→ REQUIRED ACTION: Where the listing below reaches the line containing "C//mm piece: #LancerRPG", start writing out lines exactly, and stop once the line containing "Clove tie up bodysuit white petite" has been written.

→ DATA FOR THIS TASK:
Segment Open

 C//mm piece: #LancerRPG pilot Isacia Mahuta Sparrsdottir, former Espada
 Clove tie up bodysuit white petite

Segment Closed
Segment Open

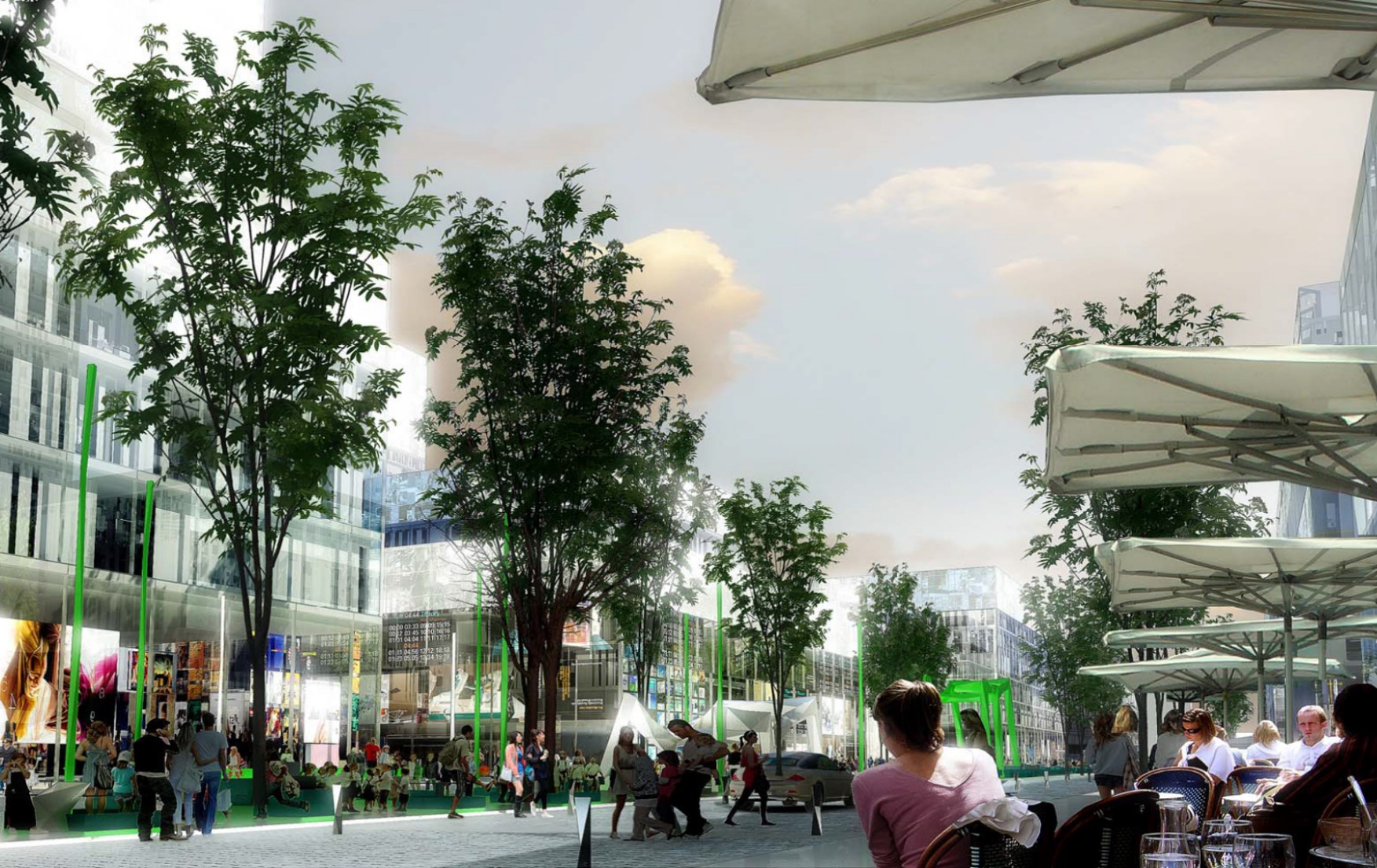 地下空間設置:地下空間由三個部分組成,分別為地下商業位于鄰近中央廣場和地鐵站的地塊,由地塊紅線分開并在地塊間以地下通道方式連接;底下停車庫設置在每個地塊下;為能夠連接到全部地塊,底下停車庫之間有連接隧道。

Segment Closed
Segment Open

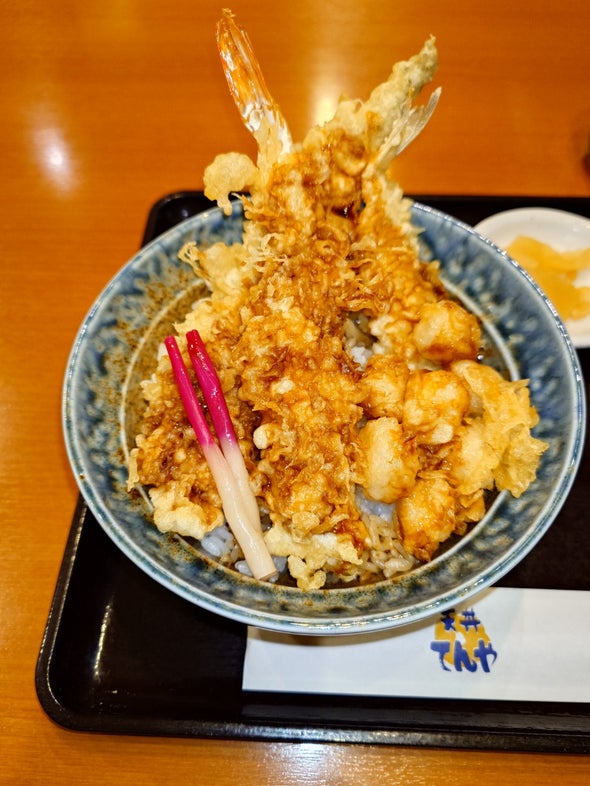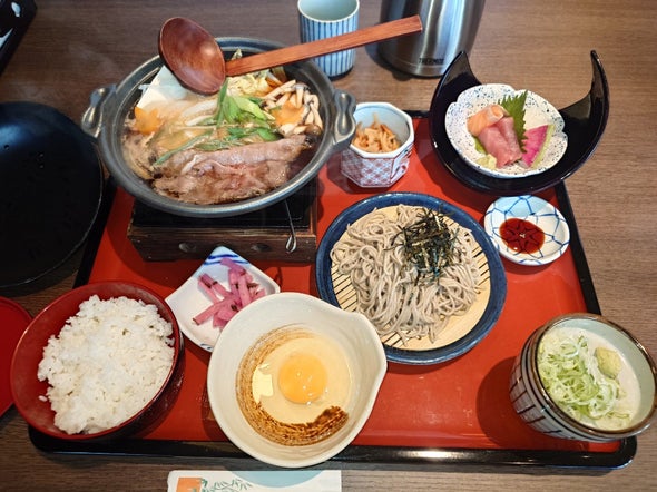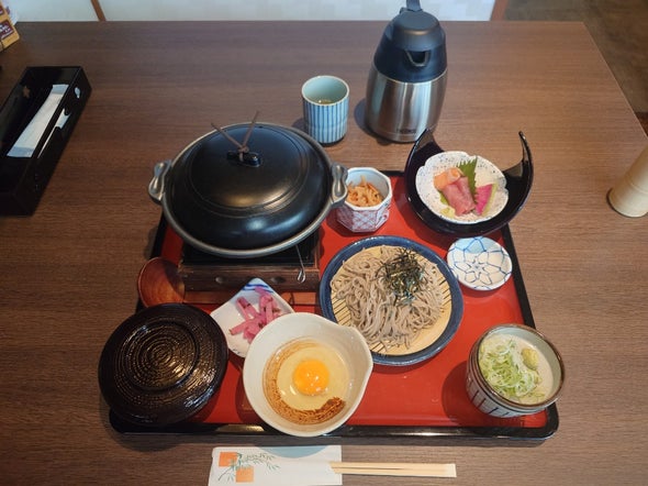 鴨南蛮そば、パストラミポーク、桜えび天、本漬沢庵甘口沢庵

Segment Closed

→ OUTPUT FOR THIS EXERCISE:
 C//mm piece: #LancerRPG pilot Isacia Mahuta Sparrsdottir, former Espada
 Clove tie up bodysuit white petite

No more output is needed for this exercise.